Last week, 2Y swaps plummeted by 54 bps to close the week at 3.69%. 10Y swaps fell by 40 bps to 3.36%. Both are fresh one-year lows. Markets softened on Tuesday with a JOLTS read of 8,184K, better than expected but softer than May (8,000 surv. | 8,230 prior). On the economic data front, the Job Openings and Labor Turnover Survey (JOLTS) exceeded expectations on Tuesday but was softer than the previous month, marking the lowest reading since the COVID-19 pandemic began. At Wednesday’s Fed meeting, Chair Powell indicated a likely rate cut unless future data changes, issuing a dovish statement. Thursday’s ISM Manufacturing index was relatively stable, but an increase in unemployment captured market attention. On Friday, nonfarm payrolls were expected to add 175,000 jobs but reported only 114,000. Despite this significant miss, the figure may be revised. The uptick in unemployment and the stock market crash in Japan today spooked markets globally, triggering a pan-selloff and a flight to US bonds.
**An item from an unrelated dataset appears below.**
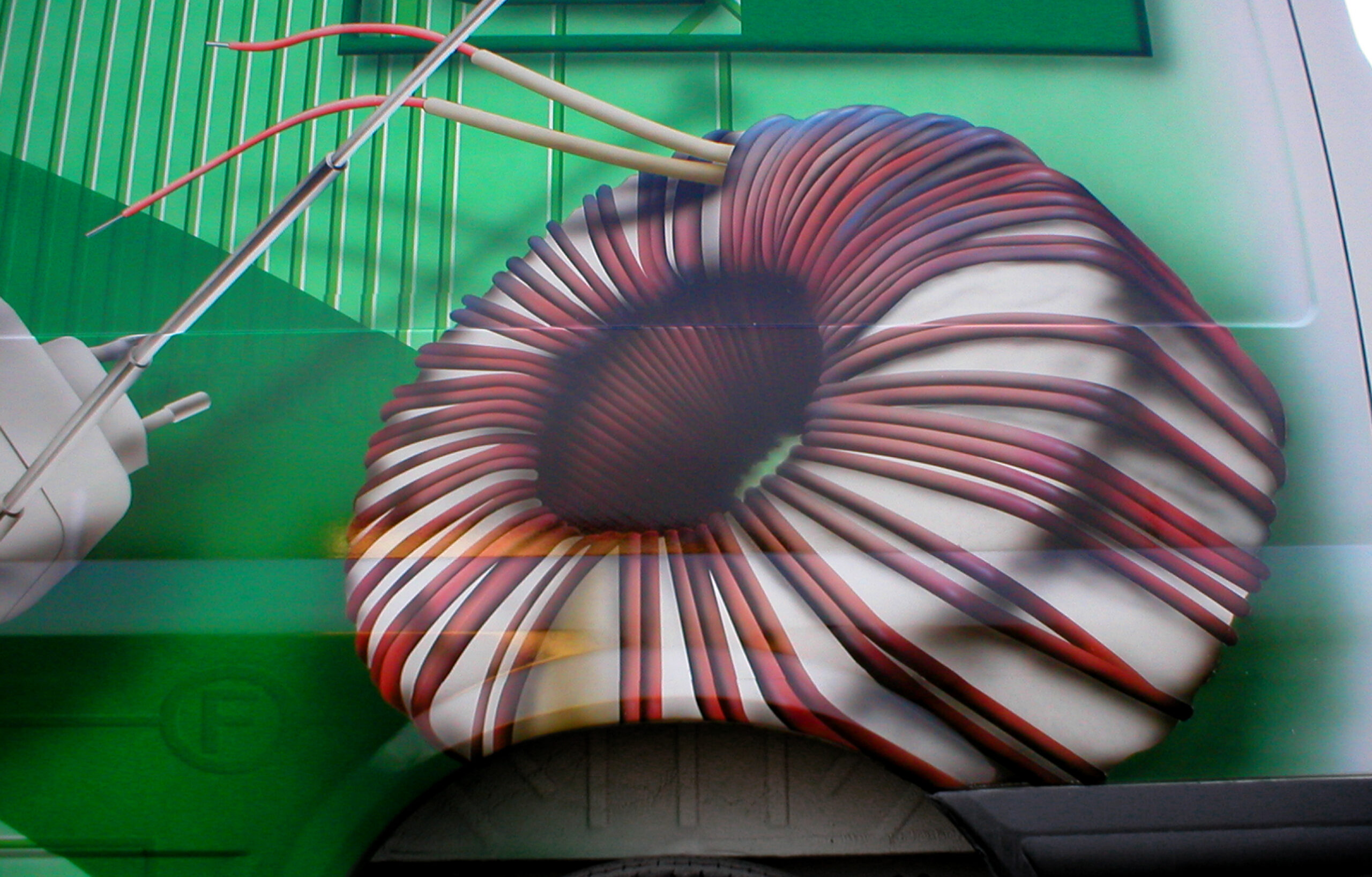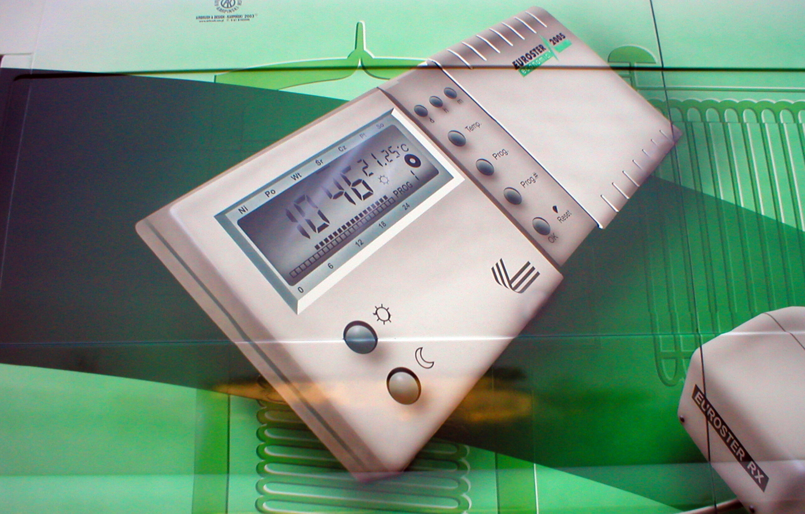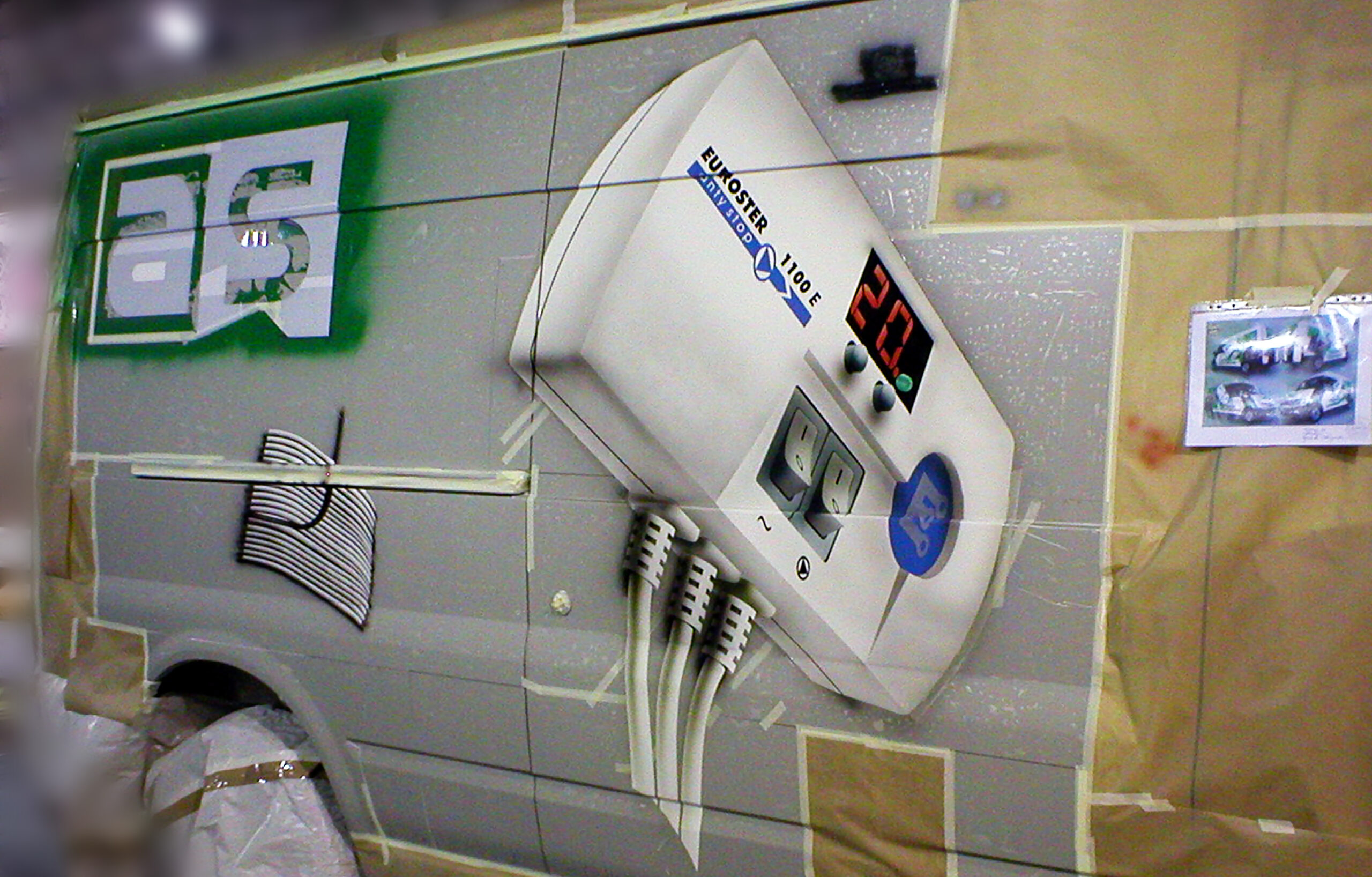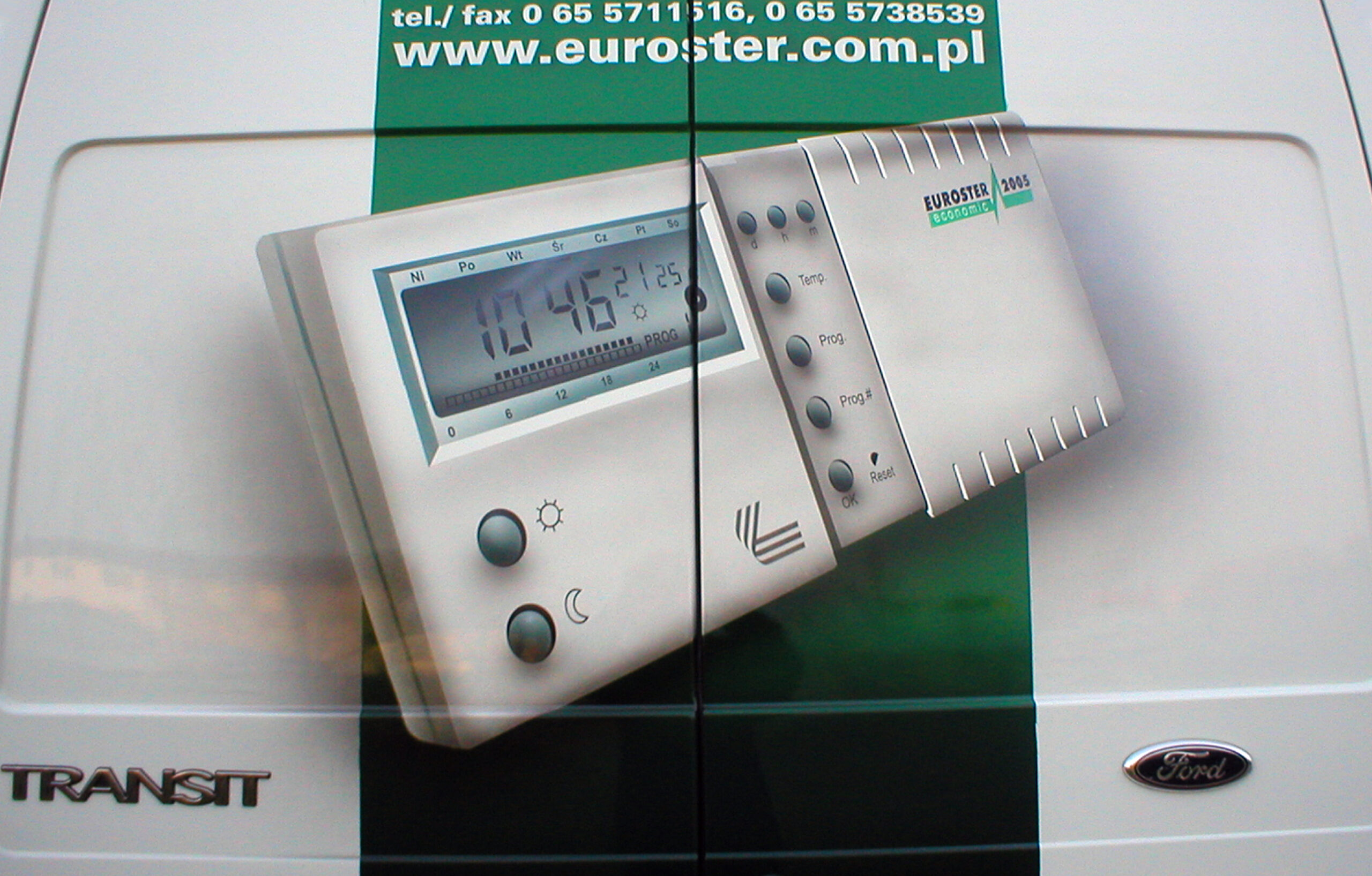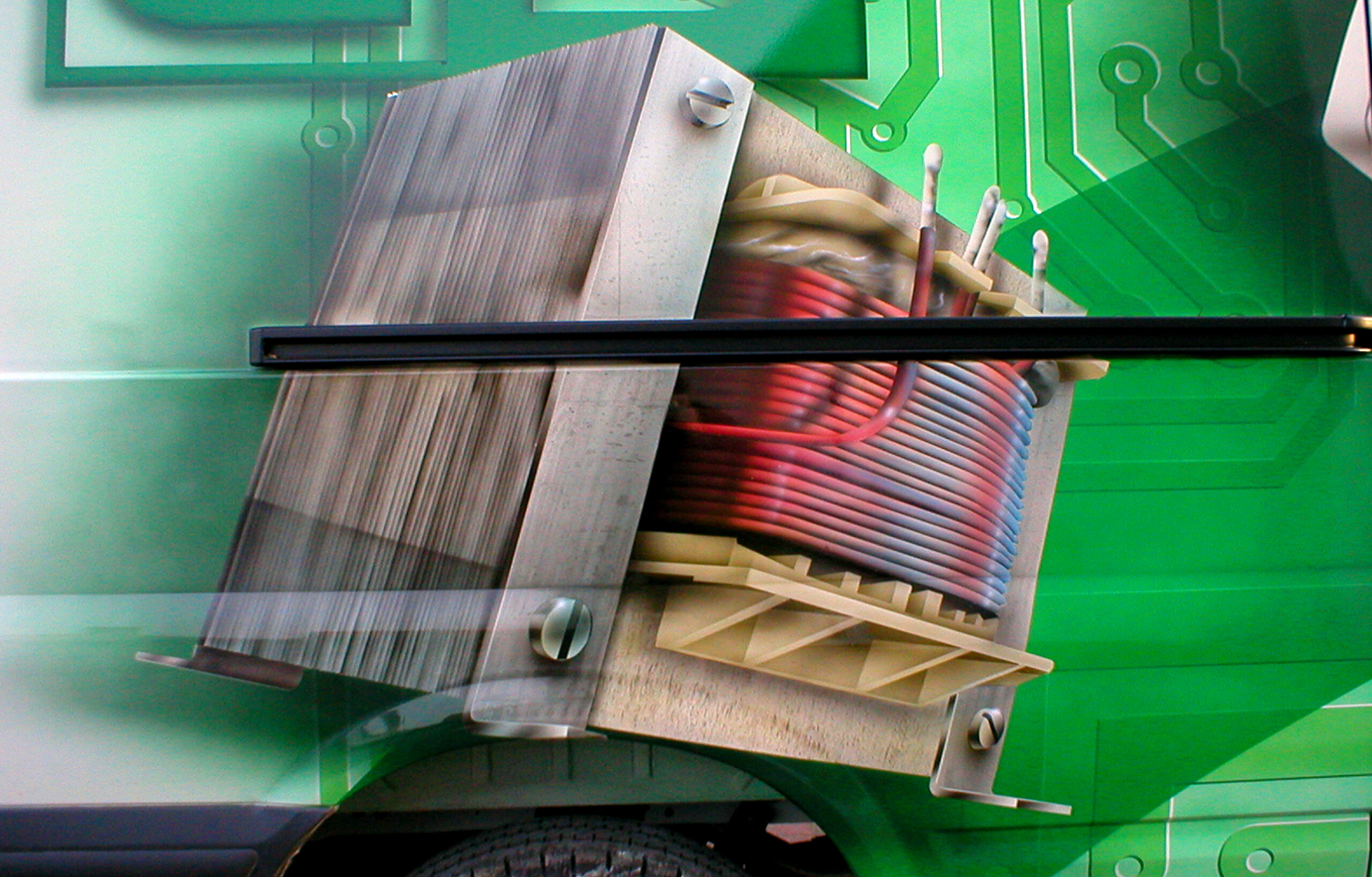 Przedstawiam dzisiaj reklamę transformatorów i elektroniki grzewczej wykonaną na samochodzie dostawczym producenta. Cała praca została wykonana w technice Airbrush. Pracę rozpocząłem od projektu. Celem było połączenie elementów graficznych z linią pojazdu, szczególnie z oknami kierowcy i pasażera. Odszedłem od schematu umieszczenia danych adresowych na drzwiach. Głównym elementem konstrukcyjnym kompozycji miał być szeroki, cieniowany w tonacjach zieleni pas, prowadzony od tylnych nadkoli łukiem, omijający okna, aż do nadkoli przednich. Pas ten miał być cieniowany od czerni przy uszczelkach okien kabiny kierowcy, aż do jasnej zieleni przy nadkolach. W celu nadania reklamie elektronicznego charakteru, postanowiłem umieścić na dwóch bokach tło, w postaci drukowanych płytek elektronicznych w dużym powiększeniu. Samochód nabrał głębokiej, zielonej tonacji. Na jej tle bardzo silnie kontrastowały białe sterowniki ogrzewania i miedziane zwoje kondensatorów. Produkty oraz logo firmowe rozmieściłem w oparciu o szeroki pas zieleni, zachowując zasadę równowagi optycznej.

This week, there is limited economic data expected, with the ISM Services data release scheduled for today and 3-, 10-, and 30-year Treasury auctions later in the week to watch closely. Currently, the market is pricing in 50 basis points cuts instead of 25 bps per meeting, with talks of emergency cuts, though emergency cuts are unlikely and could destabilize the market. While World Interest Rate Probability (WIRP) is useful, it may not accurately predict Fed actions, as it often reflects market positioning.
Friday saw the largest recorded volatility spike. Goldman Sachs increased the recession probability to 25% (from 10%), with the market seeing a 40% chance. The 2s/10s yield curve un-inverted this morning for the first time since July 2022 but has since returned to a slight inversion. Meanwhile, Congress is on recess until after Labor Day. Additionally, floating rate clients executing FWD starting rate caps continue to benefit from a notable difference between spot-starting and forward-starting trades. For borrowers evaluating new loans, the continued volatility and uncertainty may cause spreads to widen, which is particularly important for CMBS and Agency debt.